| WORK TO BE COMPLETED |
Your answer should be every line of the records that contains the word "release", copied as it stands.

| EXERCISE DATA |
_ _ _ _ _ _ _
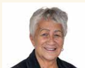
Whakawhiti Gage Tangata Marae
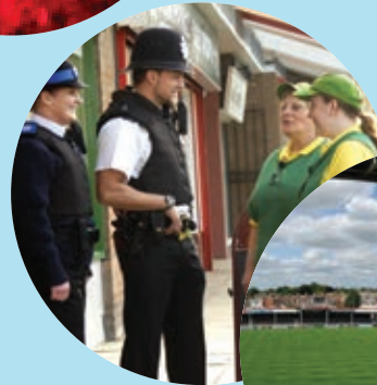
Westgate Street - Gloucester City Centre
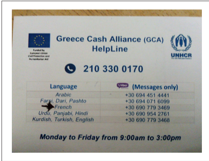
Figure 1. Viber numbers that asylum seekers have to text to in order to solve technical problems with their cards

analysed in relation to the other technologies that asylum seekers need to navigate on a daily basis. In Greece, the technological obstacles for migrants start when they decide to claim asylum. Indeed, since 2016 migrants who want to book an appointment with the Asylum Office to lodge their asylum application need to do this through a mandatory Skype system, which can be difficult for many to manage. Indeed, for some migrants, owning a smartphone and getting access to the internet is not so straightforward, and Skype calls can be made only during specific time slots – usually one or two hours per week, depending on migrants’ nationalities. 15 As a result, ‘the line is always busy, it took me three weeks before reaching the Asylum Office’ (Interview 2). Since the onset of Covid-19, the asylum procedure has almost entirely been done online: after pre-booking an appointment via Skype, migrants need to lodge their asylum application online on the Hellenic Ministry of Migration and Asylum website. 16
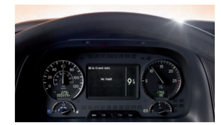
With new chrome instrument surrounds and revised numerals, the new Actros' instrumentation is clearer and classier than ever

mirrors deliver improved visibility and operating safety. Drivers of the new Actros will also appreciate a more direct steering system for enhanced handling and braking. The new, brighter headlamps play their part too, as does the automatic activation of the wipers. Providing a truly relaxed, effortless performance for driver and operator alike, the new Actros more than delivers on all its promises.
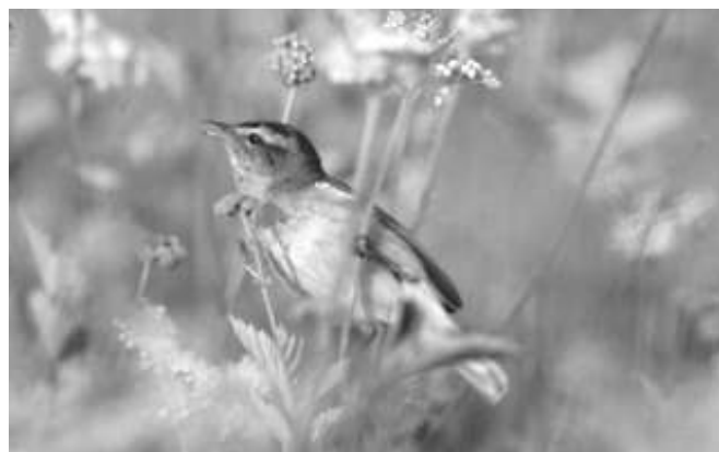
The Sedge Warbler - a summer migrant to Loch Leven

It's great to welcome back the summer weather and it seems to have breathed new life into the NNR. More visitors than ever are using the Heritage Trail. There is plenty of action on the loch with resident duck broods afloat, fishing boats back in the water and Ospreys overhead. Other summer migrants to look out for include the Sedge Warbler, Willow Warbler and Whitethroat, all of which you will find in the scrub and woodlands around the loch shore.
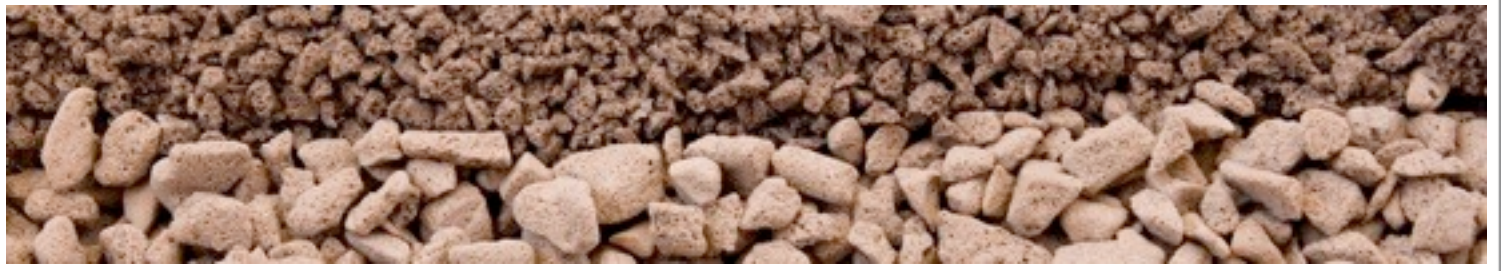
Rockstone made from recycled glass as a growth medium © EarthStone

Glass recycling turned into a platform technology, penetrating multiple sectors. This is the pre-condition to provide a framework where one innovative business model stimulates dozens to innovate. One of the applications to unfold was foam glass as a growth medium for tomatoes and strawberries in greenhouses. Foam glass is highly porous, free of chemicals, and offers soil aeration while providing the right water balance to the roots. The production technique allows the growth medium to be customized to fit a wide range of plants and farming techniques. Considering that most hydroponic growth substrate is mined perlite or hydroton, this innovative application puts glass in an unending cycle. Foam glass can be reconditioned back into the next season's growth medium. It shows that a non-biodegradable product can be highly ecological, provided there is a solid effort spent on creating the loop. The success of "growstone" stimulated Gay and her team to spin off the business into a separate unit.
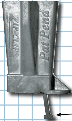
"T" shaped release

The Zip-Clip cable lock combined with cable is a more efficient method. The Zip-Clip has a spring loaded pawl which allows entry and passage of cable through the cable lock. Once engaged by the pawl, the cable is gripped with increasing pressure as the suspended load is increased. To ease adjustment, each Zip-Clip cable lock has an integrated release to disengage the gripping pawl.
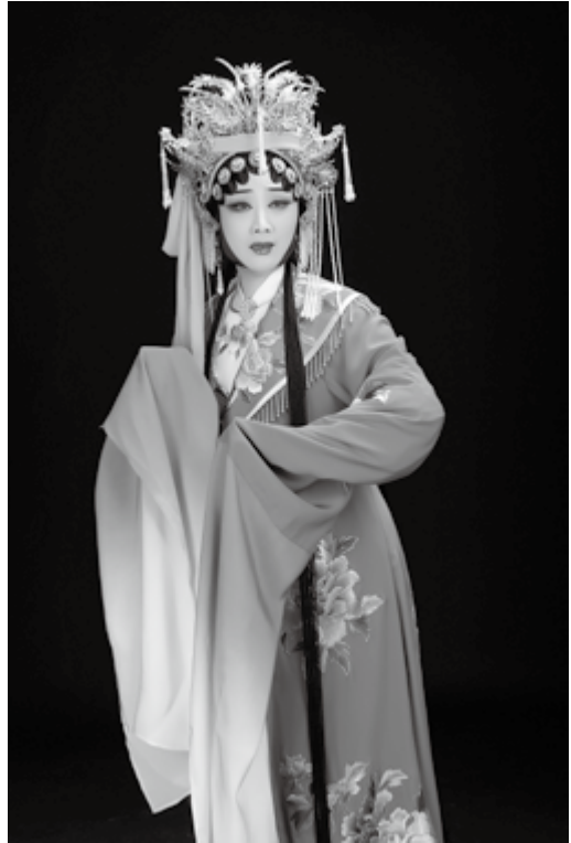
■ Chen Qiaoru, a two-time Plum Blossom Award winner, portrays the role of the Empress in Chuanju The Flower Falling and the Water Drifting .

If we want to explore the common characteristics of these outstanding playwrights, it would be that they have been immersed in the troupes for
_ _ _ _ _ _ _
| FINAL ANSWER |
"T" shaped release
The Zip-Clip cable lock combined with cable is a more efficient method. The Zip-Clip has a spring loaded pawl which allows entry and passage of cable through the cable lock. Once engaged by the pawl, the cable is gripped with increasing pressure as the suspended load is increased. To ease adjustment, each Zip-Clip cable lock has an integrated release to disengage the gripping pawl.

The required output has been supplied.